To achieve the function of getting the next permutation, the algorithm needs to rearrange the given number sequence into the next larger permutation in the dictionary order.
If the next larger arrangement does not exist, rearrange the numbers into the smallest (i.e., ascending) arrangement.
It must be modified in place and only additional constant spaces are allowed.

Here are some examples where the input is in the left column and the corresponding output is in the right column.
1,2,3 → 1,3,2
3,2,1 → 1,2,3
1,1,5 → 1,5,1

Ideas: 1. Try to traverse once to solve the problem. Traverse the array from the back to the front. If the latter is always larger than the former, then the array is the largest. In this case, you need to reverse the array.

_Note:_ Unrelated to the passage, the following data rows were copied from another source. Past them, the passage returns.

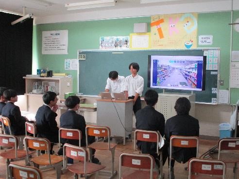 事業所ごとにパワーポイントを用いてプレゼンをしました。20ほどの事業所の担当者の方や保護者の方、1年生の生徒のみなさんの前でしっかりプレゼンできました。本校としては初めての取り組みでした。身近い時間の中でよく頑張りました。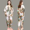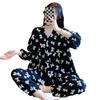 Pijamas de Algodón Seda para Mujer Primavera y Otoño Manga Siete Puntos Talla Grande Ropa para Aire Acondicionado Ropa para Casa Verano Delgada Estilo Japonés Traje de Algodón Seda para Estudiante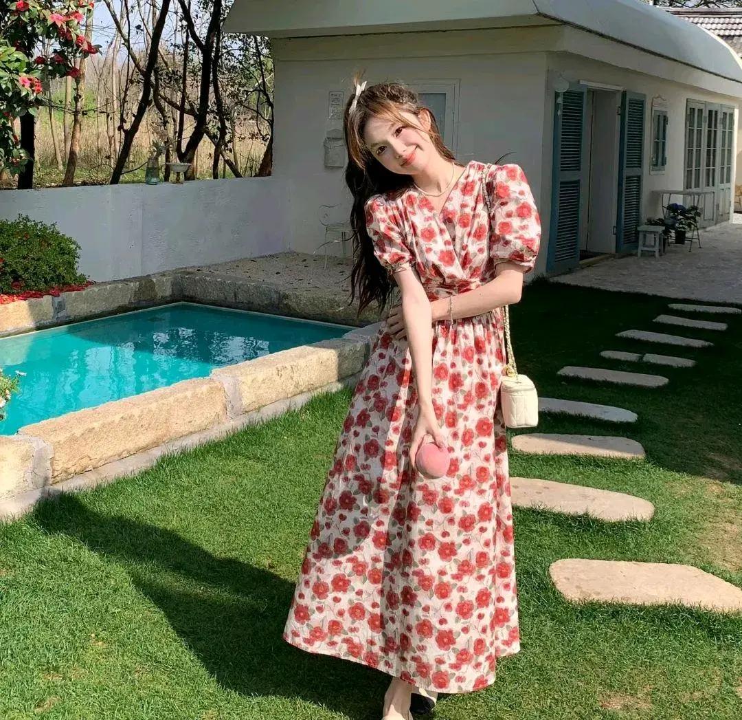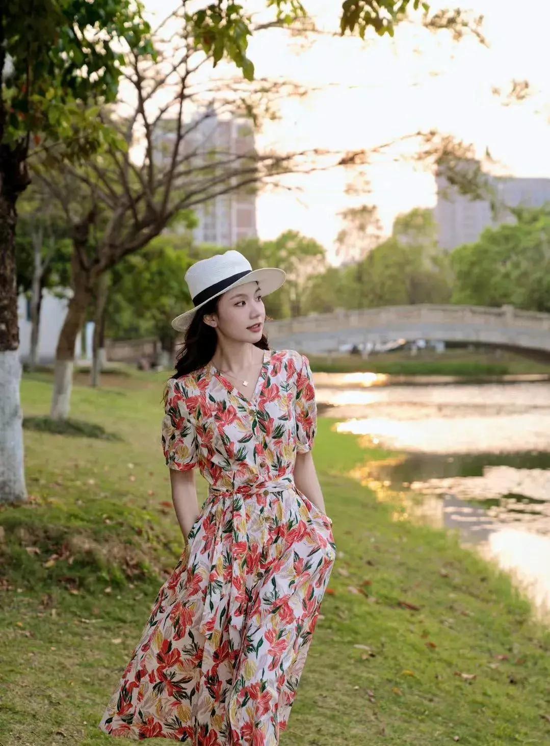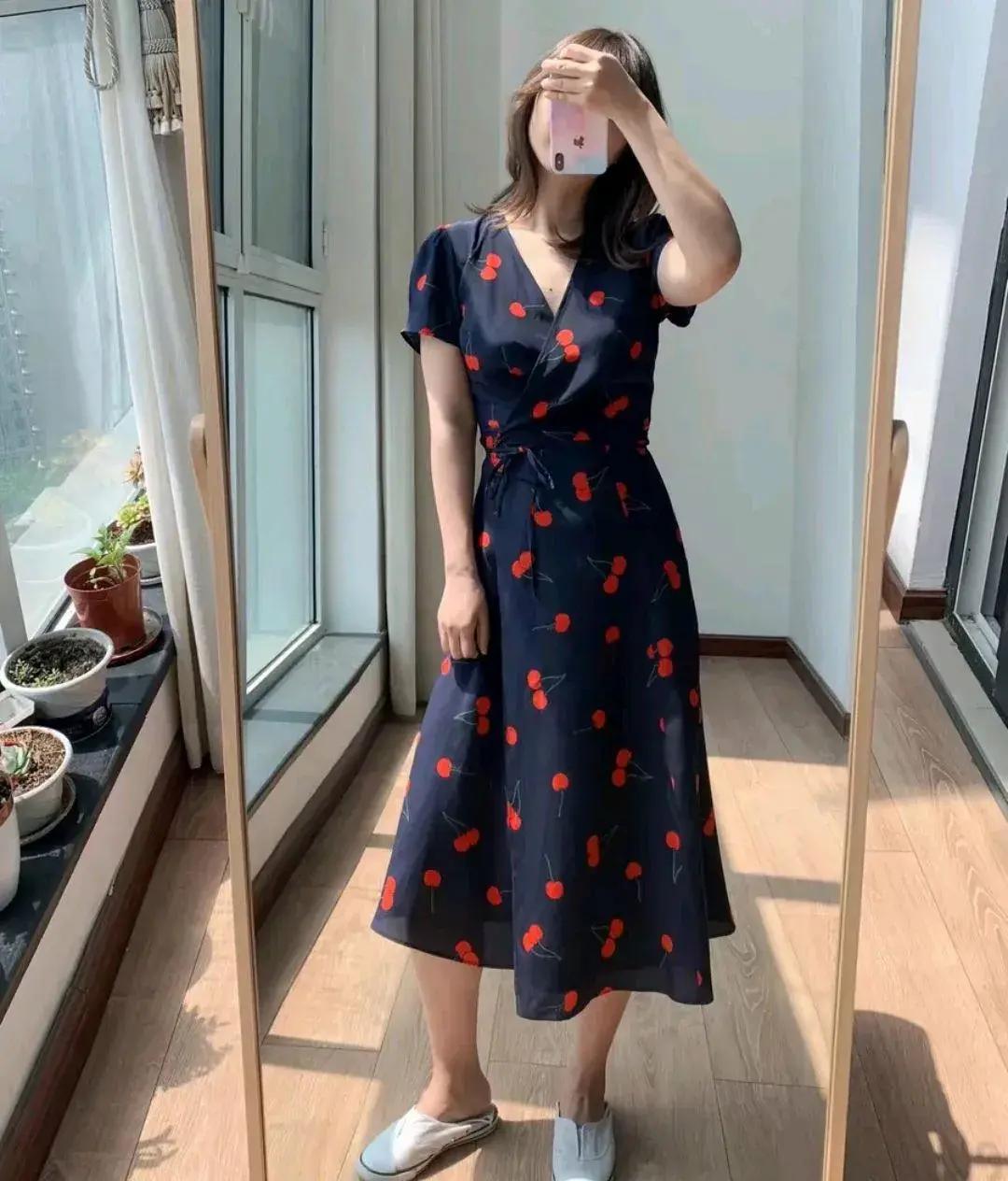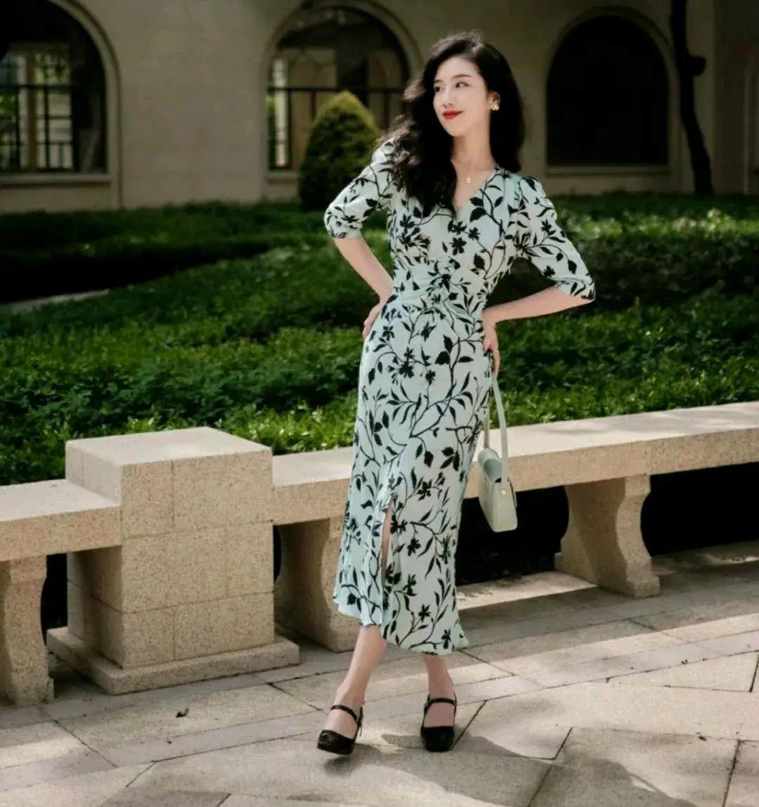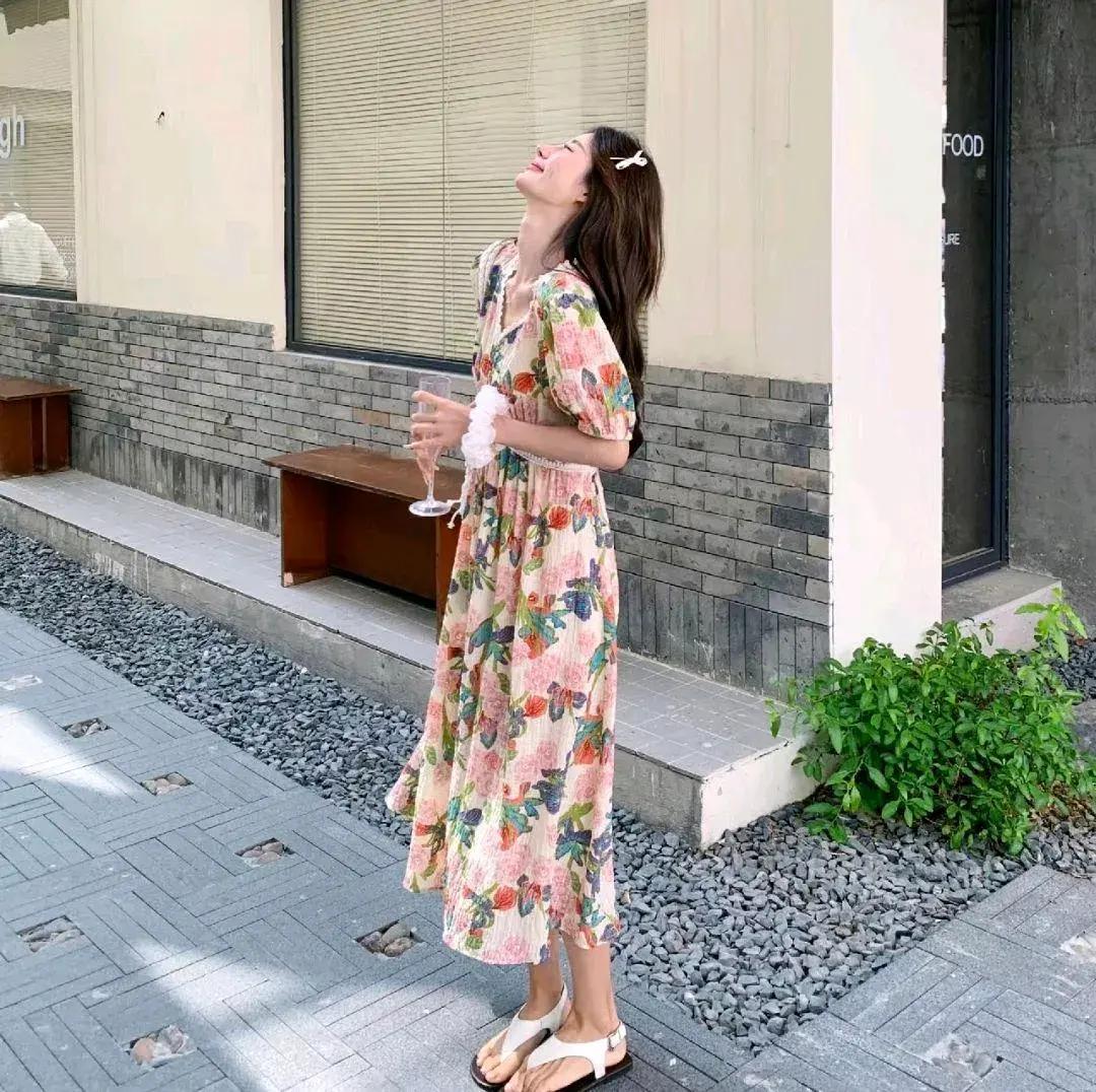 誰懂啊,真的很喜歡這麼一條法式的茶歇裙,上面的花卉圖案點綴着,想不浪漫都難。裙子的長度,剛好遮過小腿肚,加上高腰和深v領的設計,小個子也可以輕鬆顯高挑。
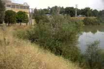 Se trata de una franja de margen muy estrecha limitada por zonas de huertas en su tramo inicial, el Club Deportivo Ebro en su tramo intermedio y la casa de bombeos en su tramo final. Realizaremos una descripción de la actuación desde aguas arriba hacia aguas abajo, es decir, desde el entorno del puente de la autopista hasta unos 400 m aguas abajo de la casa de bombeos..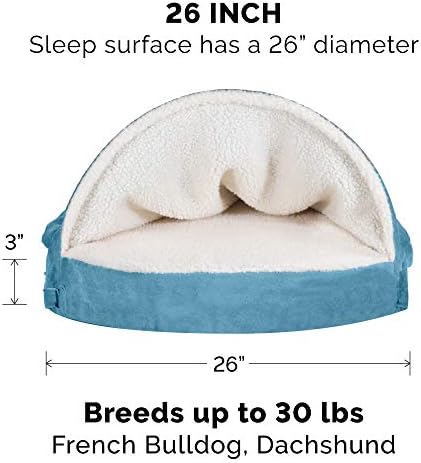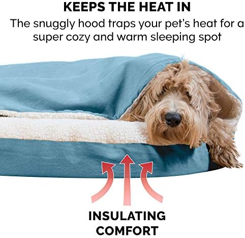Furhaven Sherpa & Suede Snuggery Dog Beds are perfect for pets who love to burrow into blankets and other cozy spots! Snuggeries are constructed to let your dog or cat burrow and snuggle into the bed, with the top part of the bed functioning as a soft, shapeable, blanket. The soft hood feature can be used with or without the flexible plastic hoop to best suit your petβs sleep style and burrow habits. The plastic hoop helps your pet get under the soft hood but does not stay up so that your pet will stay covered and cozy! The bed is fully lined in cream-colored sherpa fabric and provides a pleasant retreat for your petβs privacy, warmth, and comfort! The mattress is made from egg-crate orthopedic foam, which promote your dog or catβs ideal posture and joint health. Your pet will love their new cozy pet bed while you’ll love having more room in your bed and less pet dander and fur! Easy to clean. Cover care: Remove from core before washing (see hang tag and/or seam label for care instructions). Foam care: Spot clean with mild soap; rinse. Blot, then air dry. Do not wring. Not for unsupervised use by animals with chewing behavior.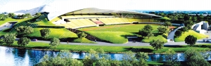 在現(xiàn)場(chǎng),記者看到了體育公園體育場(chǎng)效果圖,體育場(chǎng)建筑造型宛如一塊紅邊綠色地毯裝點(diǎn)著西區(qū)。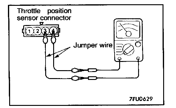 2. Connect an ohmmeter between terminal 3 (closed throttle position switch) and 4 (sensor ground) by using jumper wires.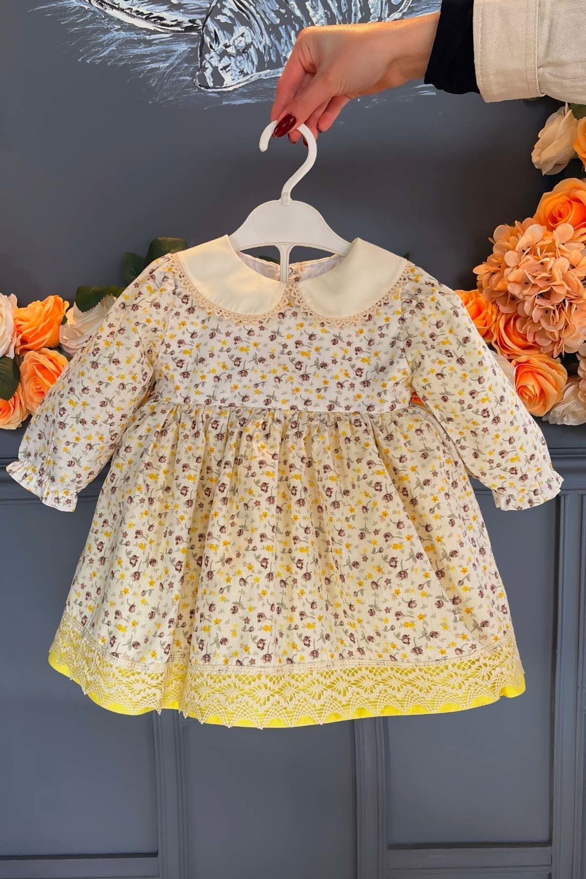 Bebe Yaka Dantel Detaylı Çiçekli Kız Çocuk Bebek Pamuklu Elbise ( 3 renk)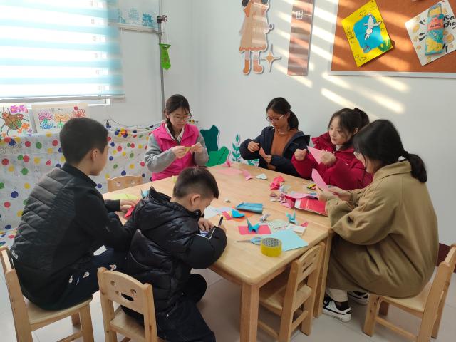 折纸艺术,源远流长,以一张张平凡的纸张,通过巧手折叠,幻化出千变万化的形态,既是童年时光里的欢乐记忆,也是传统文化传承的生动载体。每一道折痕,都承载着匠人的智慧与情感,将简单的纸张转化为富有生命力的艺术品。志愿者们依托折纸艺术展板,借助千纸鹤、纸飞机等作品,以生动有趣的方式向小朋友们介绍折纸的历史起源、发展演变以及其丰富多样的独特技法,带领小朋友们领略折纸世界的独特魅力。宣讲结束后,志愿者们带领小朋友们一起体验制作折纸作品。从基础的对角折叠到复杂的形态塑造,从常规的边缘对齐到精巧的立体穿插,小朋友们自主尝试、大胆创新,小手依循指导灵活摆弄彩纸。伴随着欢声笑语,一只只精巧的纸鹤、一朵朵绚烂的纸花依次成型,仿佛赋予了彩纸鲜活的生命力。活动最后,志愿者们对小朋友们的作品成果进行展示,表扬小朋友们作品中的闪光点,现场氛围和谐融洽。

2. If a number smaller than the previous one is found in the traversal process, and the position is i (at this time, the number behind i is arranged in descending order, which is the maximum value), then reverse the traversal, find the last number larger than this number in the later part, and exchange two numbers (at this time, the number behind i is arranged in descending order, but smaller than the previous one). At this time, the number behind i is still arranged in descending order , is the maximum value, but what we want is the next larger permutation, so we need to reverse the number after i. Namely: small + maximum arrangement -- > large + minimum arrangement

#include <iostream>
#include <vector>

using  namespace std;

void reverse(int begin,int end,vector<int>& nums)//Used to reverse sequence
{
    while(begin<end)
    {
        int temp=nums[begin];
        nums[begin]=nums[end];
        nums[end]=temp;
        begin++;
        end--;
    }
}


void nextPermutation(vector<int>& nums) {
    int i;
    int len=nums.size();
    if(len==0||len==1) return;
    if(len==2) {reverse(0,1,nums);
        return;}
    for(i=len-2;i>=0;i--)
    {
        if(nums[i]>=nums[i+1]) continue;
        else break;
    }
    if(i==-1) reverse(0,len-1,nums);
        //i Record where to swap
    else
    {
        for(int j=len-1;j>=i+1;j--)
        {
            if(nums[j]>nums[i])
            {
                int t=nums[j];
                nums[j]=nums[i];
                nums[i]=t;
                reverse(i+1,len-1,nums);
                break;
            }
        }
    }
}

int main() {
    vector<int> a={1,3,2};
    nextPermutation(a);
    std::cout <<a[0] <<a[1]<<a[2]<< std::endl;
    return 0;
}